In the final project, we study scalability challenge of a contemporary deep learning framework. Deep Learning Neural Networks (DNNs), have become increasingly popular in industry and academia for their powerful capability in pattern classification, image processing, and speech recognition. Recently, they have been widely adopted in the HPC environment for solving complex problems related to modeling, runtime prediction, and big data analysis. Current state-of-the-art designs for DNN on modern multi- and many-core CPU architectures, such as variants of Caffe, have reported promising performance in speedup and scalability, comparable with the GPU implementations. However, modern CPU architectures employ Non-Uniform Memory Access(NUMA) technique to integrate multiple sockets, which incurs unique challenges for designing highly efficient CNN frameworks. Without careful design, DNN frameworks can easily suffer from long memory latency due to a large number of memory accesses to remote NUMA domains, resulting in poor scalability. To address this challenge, we propose NUMA-aware multi-solver based CNN design, named NUMA-Caffe, for accelerating deep learning neural networks on multi- and many-core CPU architectures. NUMA-Caffe is independent of DNN network topology, does not impact network convergence rates, and provides superior scalability to the existing Caffe variants. Through a thorough empirical study on four contemporary NUMA-based multi- and many-core architectures, our experimental results demonstrate that NUMA-Caffe significantly outperforms the state-of-the-art Caffe designs regarding both throughput and scalability.
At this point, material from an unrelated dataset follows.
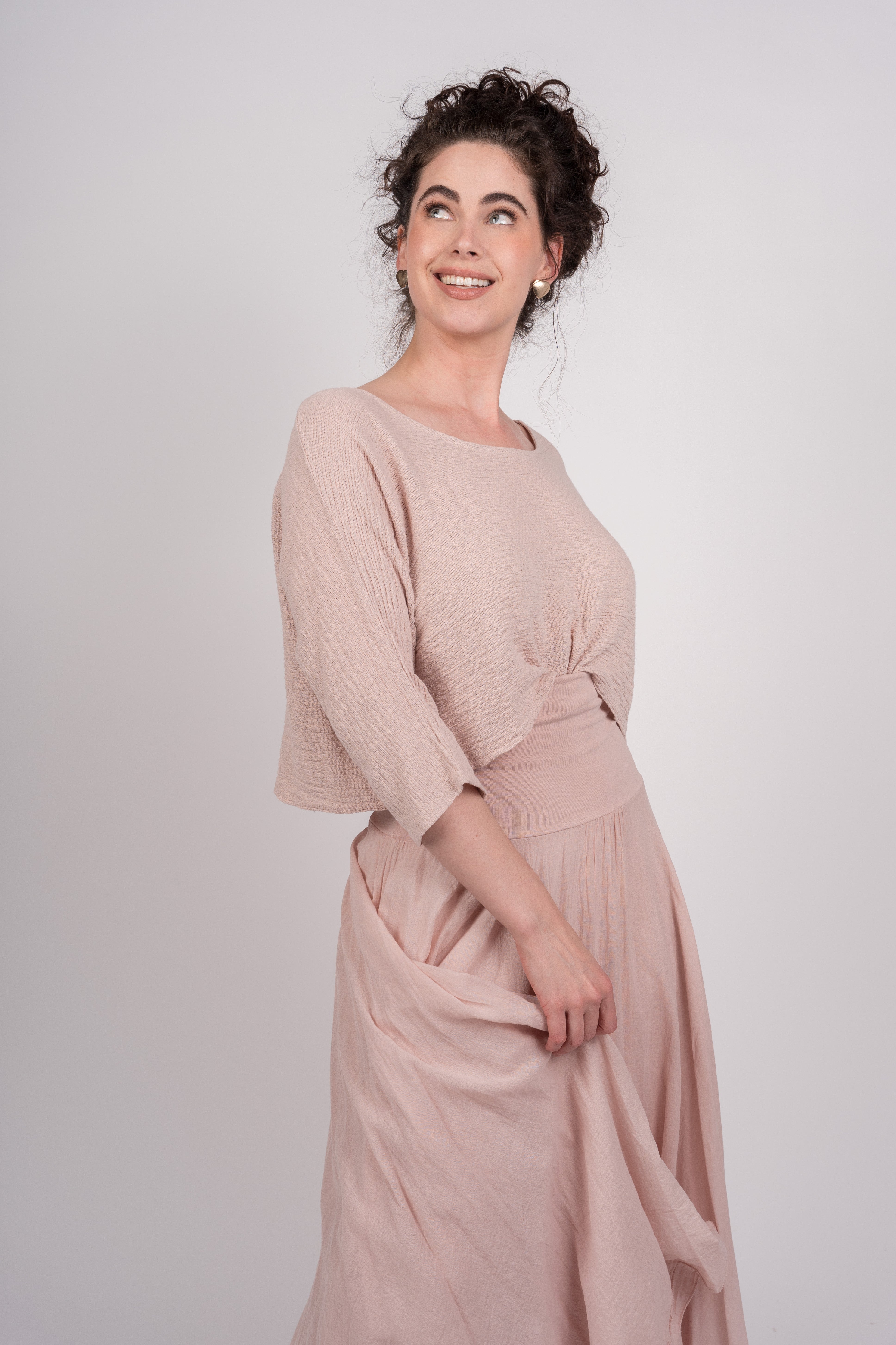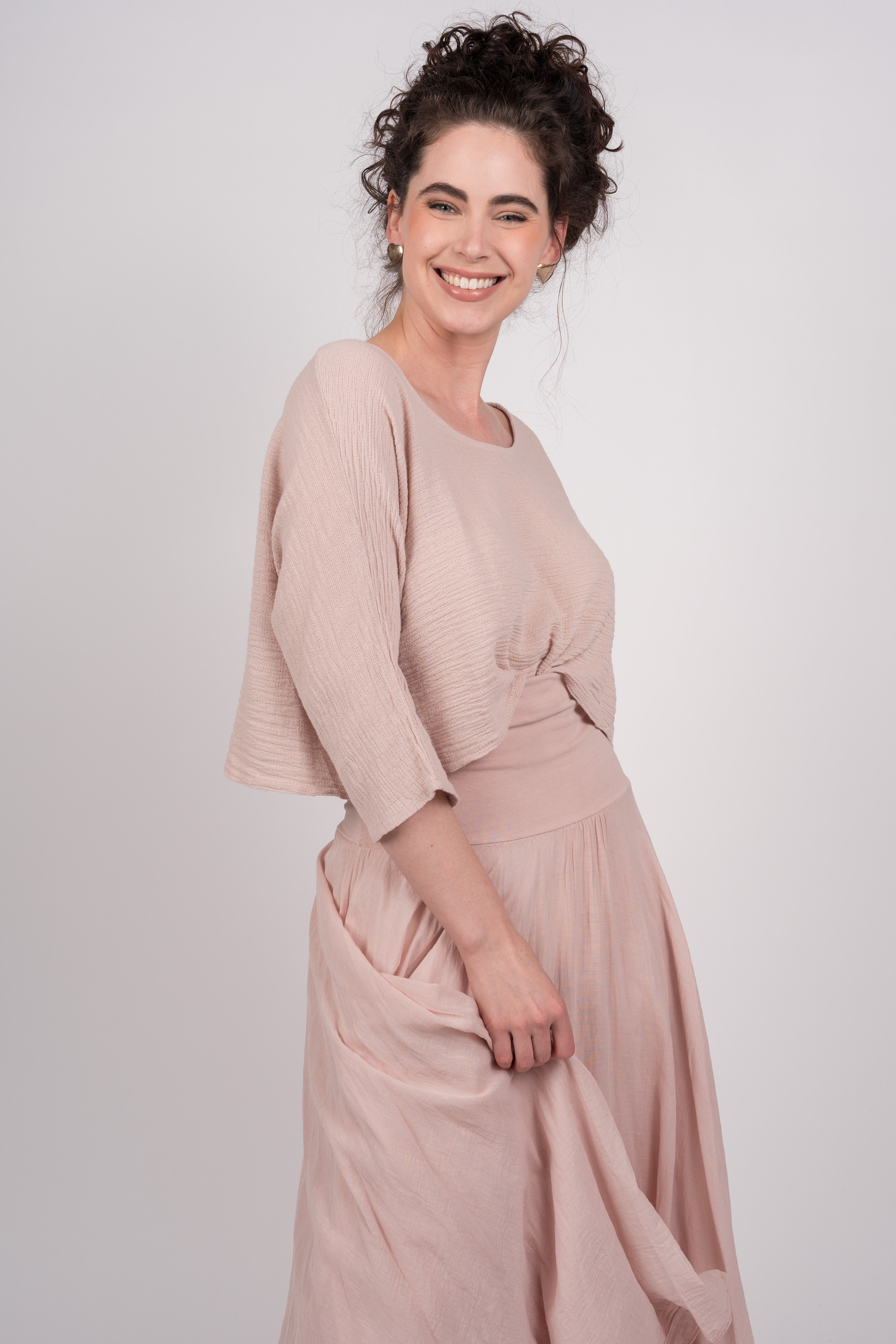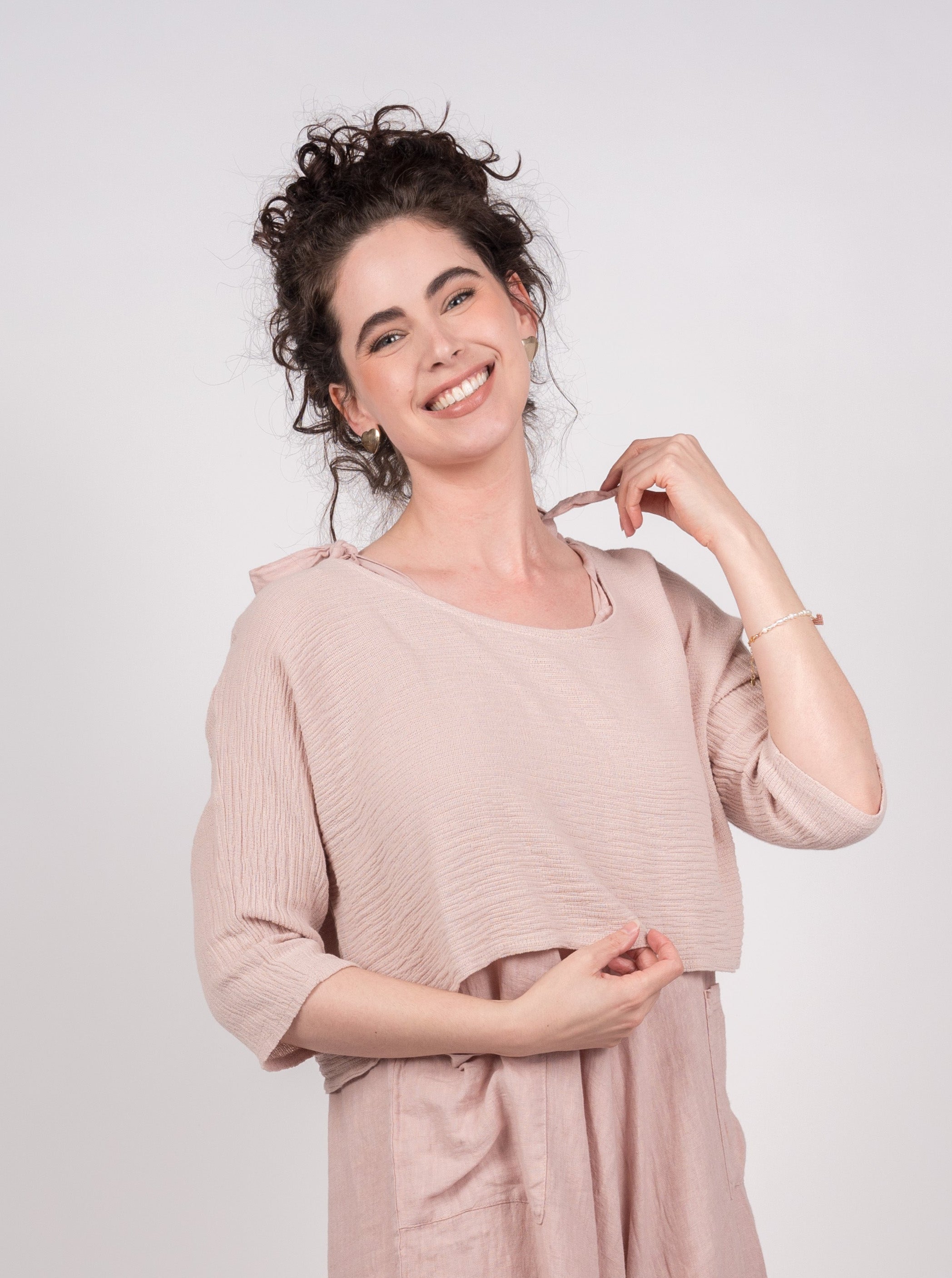 Peach Rolled Cap Sleeve Top w/ Buttoned Back

Probir Roy is a Ph.D. candidate in the Department of Computer Science at William & Mary. He is advised by Professor Xu Liu. He received his B.S. in Computer Science and Engineering from Bangladesh University of Engineering and Technology in 2009. His research interests include program analysis, high-performance computing, and operating system. Common threads of his research are to develop tools and techniques to improve software performance and developer productivity.